* [TASK TO CARRY OUT]: Without the pictures, copy the entries below word for word.

[Start of section]

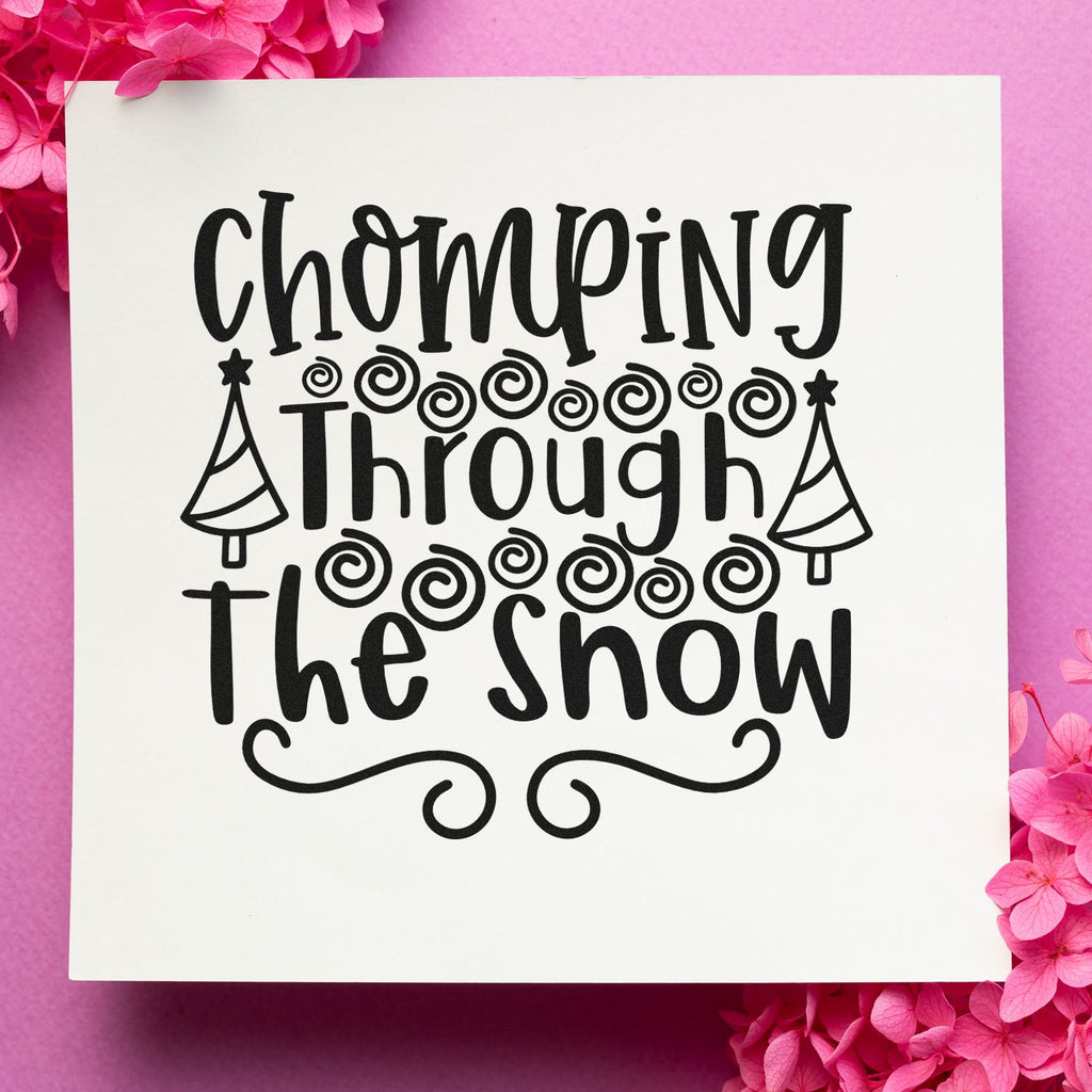 - Charm: Playful hand-lettered banner reading “Chomping Through The Snow,” snowflake swirls, and twin trees add whimsical winter flair to cards, gift tags, and scrapbook pages.
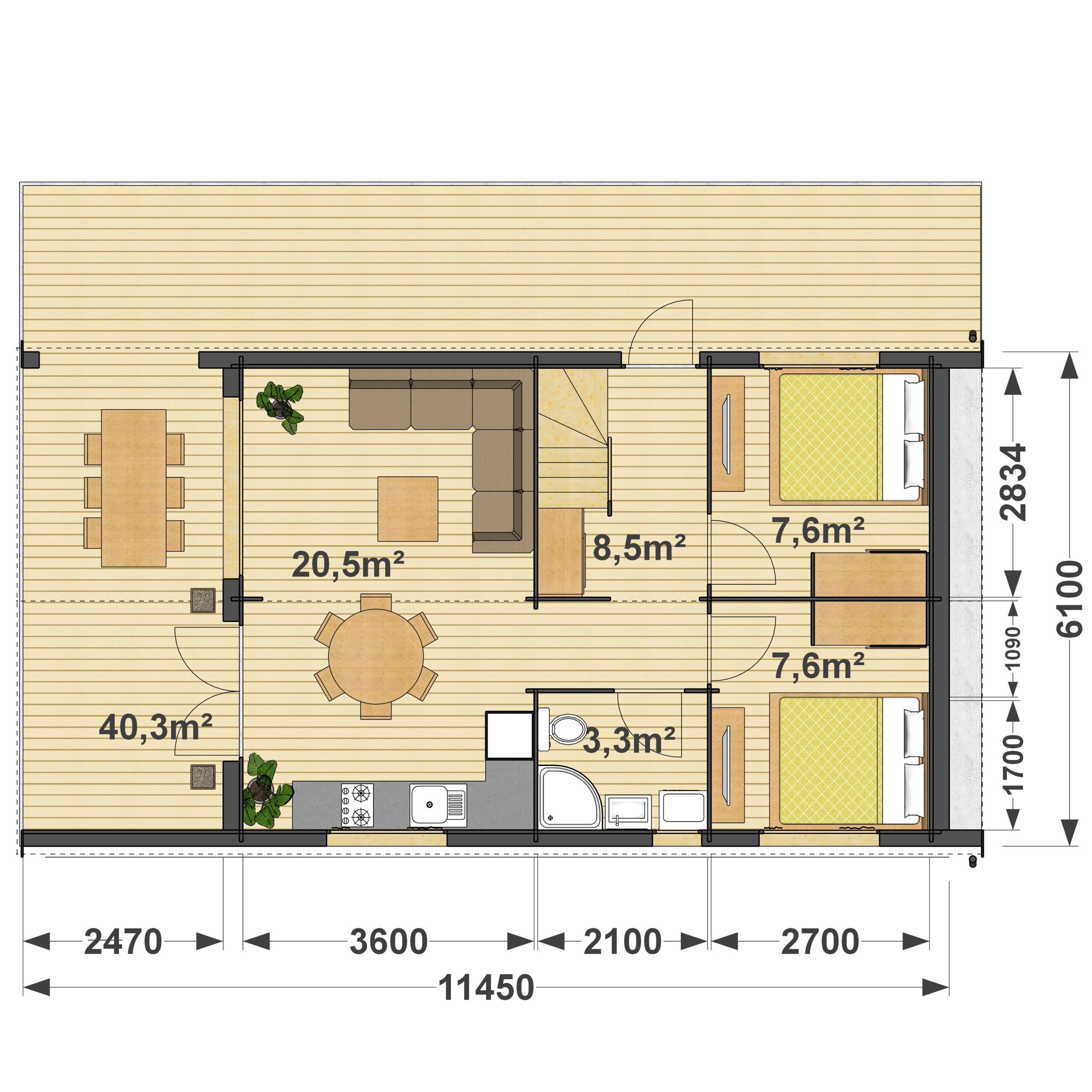 | Powierzchnia domku (m2) | 69,8 |
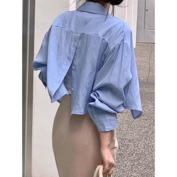 韓國chic秋季新款氣質簡約小心機后背開叉設計寬松長袖短款襯衫女
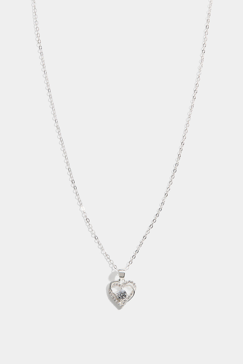 Halsband i äkta silver med hjärtan som är sammansatta, en av dom dekorerad med Cubic Zirconia stenar. I mitten av hjärtanen finns en större sten.
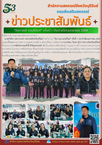 วันอังคารที่ 13 มกราคม 2569 เวลา 07.00 น. นายทวีภัทร เหล่าบรรเทา สหกรณ์จังหวัดบุรีรัมย์ ร่วมกิจกรรม "จิบกาแฟ แลบุรีรัมย์" ครั้งที่ 1 ประจำเดือนมกราคม 2569 ณ ศูนย์ฟื้นฟูสมรรถภาพทางการแพทย์ ต.เสม็ด อ.เมืองบุรีรัมย์ จ.บุรีรัมย์ โดยมีนายปิยะ ปิจนำ ผู้ว่าราชการจังหวัดบุรีรัมย์ เป็นประธาน การจัดกิจกรรมครั้งนี้ มีวัตถุประสงค์ เพื่อเป็นเวทีแลกเปลี่ยนเรียนรู้ การบูรณาการทำงานระหว่างหน่วยงานของทุกภาคส่วน ในบรรยากาศที่เป็นกันเอง ซึ่งจะนำไปสู่การประสานงานและเสริมสร้างความร่วมมือในการทำงานระหว่างกันให้มีประสิทธิภาพมากยิ่งขึ้นและแลกเปลี่ยนข้อมูลปัญหาความต้องการพร้อมข้อเสนอแนะ เพื่อประโยชน์ในการบริหารราชการ และขับเคลื่อนยุทธศาสตร์การพัฒนาจังหวัดบุรีรัมย์
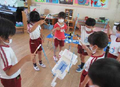 海遊館で見た魚を、いろいろな素材でつくっています。たくさんできてきた先日、「魚釣りたいから、棒と糸がほしい」と,魚釣りが始まりました。「魚、釣られへんわ」「なんでやろ」「エサがないからちゃう?」など、考えたり友達と相談したりしました。糸の先を丸く結んでみたり、先に洗濯ばさみを付けてみたり、試行錯誤した結果、マグネットを付けました。
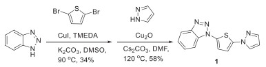 Recently, our group developed several triazole-skeleton ligand bridged transition-metal complexes, which showed good catalytic activities in dehydrogenation and borrowing hydrogen reactions [11-16]. However, most of the central metals are noble metals, low catalyst stability or catalysts are difficult to be recovered and reused [17-19]. Herein, we have described the synthesis of an unsymmetrical thienyl-pyrazoly-triazole ligand (TPT) and the corresponding heterogeneous zinc composite on molecular sieve (MS), which was carefully characterized by means of XPS, EDS, TEM and XRD (Scheme 1). The resulting zinc composite revealed good catalytic activity for borrowing hydrogen reaction of amines with amines in water under base-free conditions. Moreover, 2-aryl-1H-benzo[d]imidazole derivatives were synthesized with this zinc composite in water under base-free conditions.
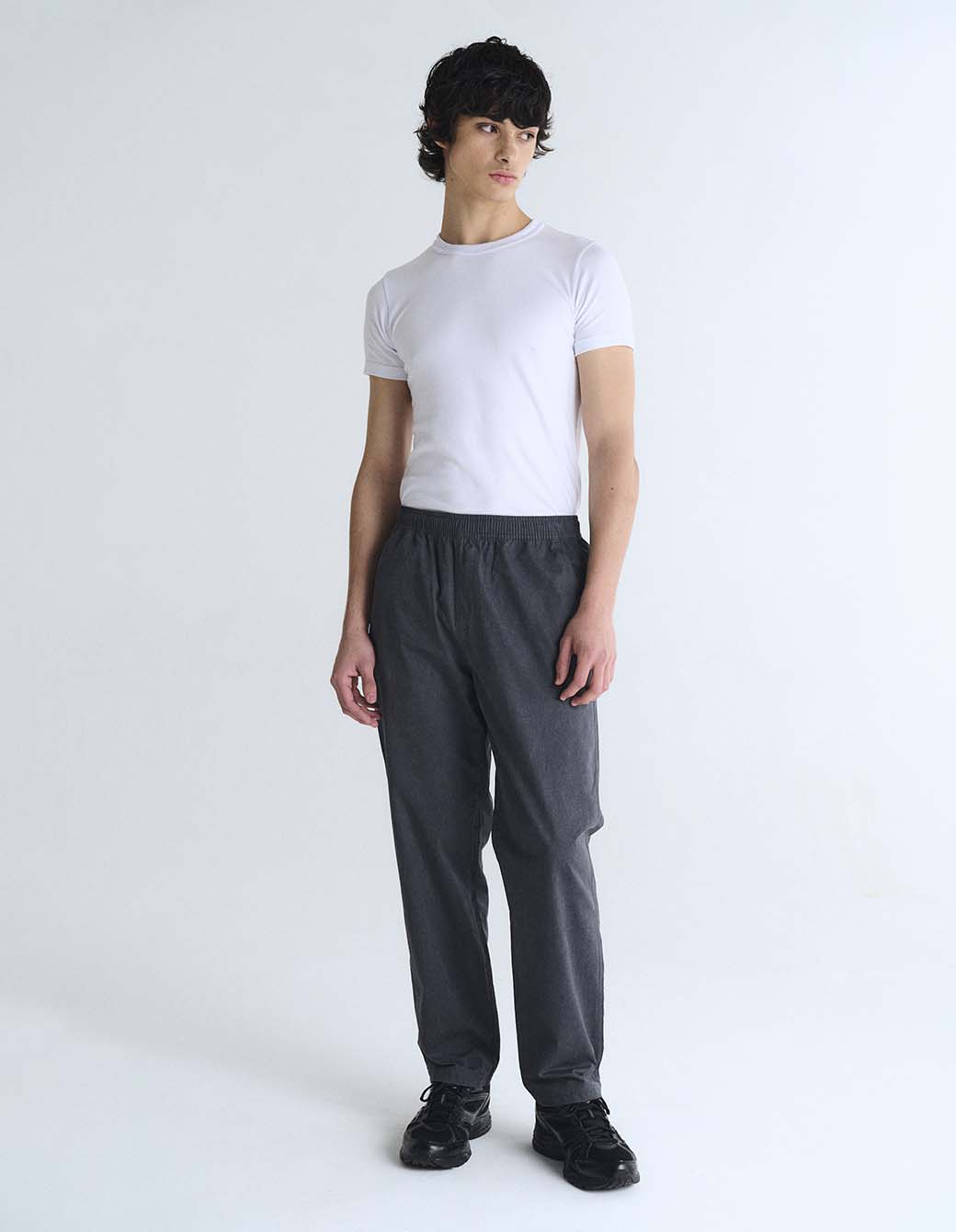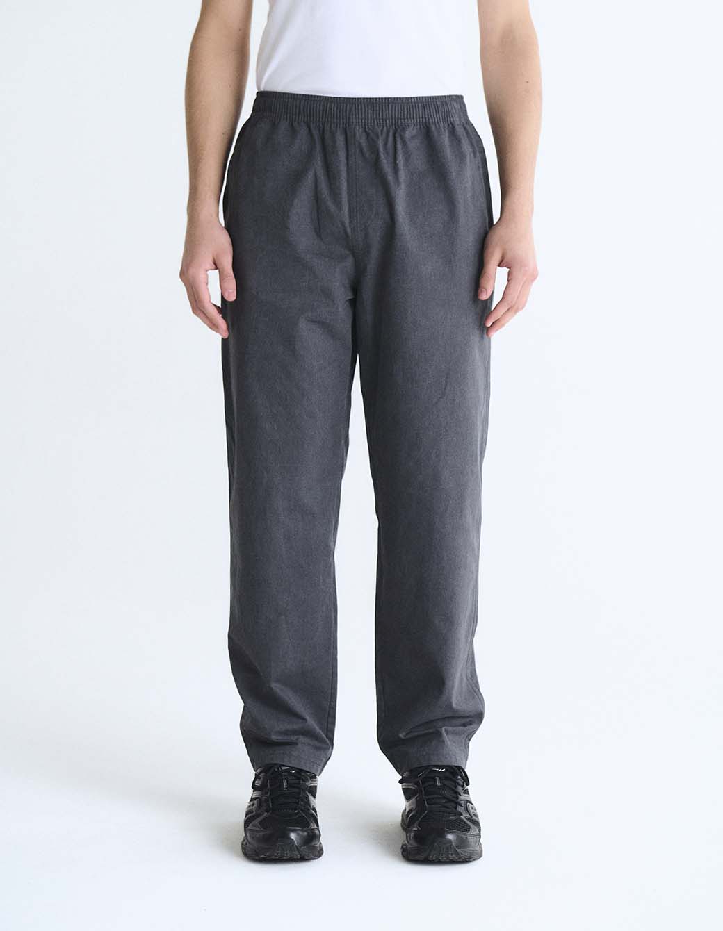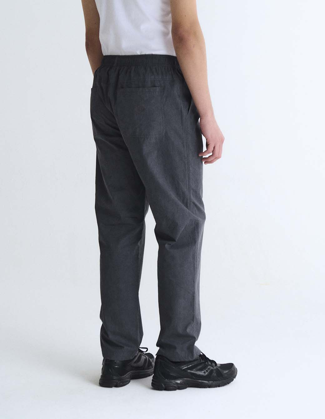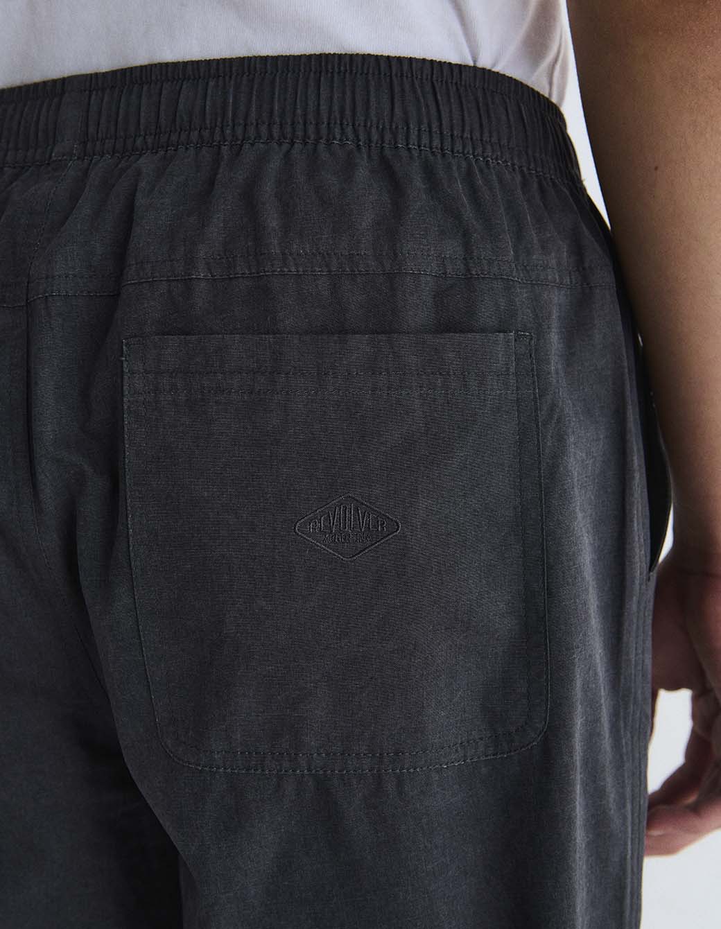 Pantalón de algodón con proceso de teñido y desgaste de color en prenda. Con cintura elástica y cordón de ajuste interno, bolsillos delanteros laterales y bolsillos plaque en trasero con bordado personalizado.

[End of section]

* [RESPONSE TO THE TASK]:
 - Charm: Playful hand-lettered banner reading “Chomping Through The Snow,” snowflake swirls, and twin trees add whimsical winter flair to cards, gift tags, and scrapbook pages.
 | Powierzchnia domku (m2) | 69,8 |
 韓國chic秋季新款氣質簡約小心機后背開叉設計寬松長袖短款襯衫女
 Halsband i äkta silver med hjärtan som är sammansatta, en av dom dekorerad med Cubic Zirconia stenar. I mitten av hjärtanen finns en större sten.
 วันอังคารที่ 13 มกราคม 2569 เวลา 07.00 น. นายทวีภัทร เหล่าบรรเทา สหกรณ์จังหวัดบุรีรัมย์ ร่วมกิจกรรม "จิบกาแฟ แลบุรีรัมย์" ครั้งที่ 1 ประจำเดือนมกราคม 2569 ณ ศูนย์ฟื้นฟูสมรรถภาพทางการแพทย์ ต.เสม็ด อ.เมืองบุรีรัมย์ จ.บุรีรัมย์ โดยมีนายปิยะ ปิจนำ ผู้ว่าราชการจังหวัดบุรีรัมย์ เป็นประธาน การจัดกิจกรรมครั้งนี้ มีวัตถุประสงค์ เพื่อเป็นเวทีแลกเปลี่ยนเรียนรู้ การบูรณาการทำงานระหว่างหน่วยงานของทุกภาคส่วน ในบรรยากาศที่เป็นกันเอง ซึ่งจะนำไปสู่การประสานงานและเสริมสร้างความร่วมมือในการทำงานระหว่างกันให้มีประสิทธิภาพมากยิ่งขึ้นและแลกเปลี่ยนข้อมูลปัญหาความต้องการพร้อมข้อเสนอแนะ เพื่อประโยชน์ในการบริหารราชการ และขับเคลื่อนยุทธศาสตร์การพัฒนาจังหวัดบุรีรัมย์
 海遊館で見た魚を、いろいろな素材でつくっています。たくさんできてきた先日、「魚釣りたいから、棒と糸がほしい」と,魚釣りが始まりました。「魚、釣られへんわ」「なんでやろ」「エサがないからちゃう?」など、考えたり友達と相談したりしました。糸の先を丸く結んでみたり、先に洗濯ばさみを付けてみたり、試行錯誤した結果、マグネットを付けました。
 Recently, our group developed several triazole-skeleton ligand bridged transition-metal complexes, which showed good catalytic activities in dehydrogenation and borrowing hydrogen reactions [11-16]. However, most of the central metals are noble metals, low catalyst stability or catalysts are difficult to be recovered and reused [17-19]. Herein, we have described the synthesis of an unsymmetrical thienyl-pyrazoly-triazole ligand (TPT) and the corresponding heterogeneous zinc composite on molecular sieve (MS), which was carefully characterized by means of XPS, EDS, TEM and XRD (Scheme 1). The resulting zinc composite revealed good catalytic activity for borrowing hydrogen reaction of amines with amines in water under base-free conditions. Moreover, 2-aryl-1H-benzo[d]imidazole derivatives were synthesized with this zinc composite in water under base-free conditions.
 Pantalón de algodón con proceso de teñido y desgaste de color en prenda. Con cintura elástica y cordón de ajuste interno, bolsillos delanteros laterales y bolsillos plaque en trasero con bordado personalizado.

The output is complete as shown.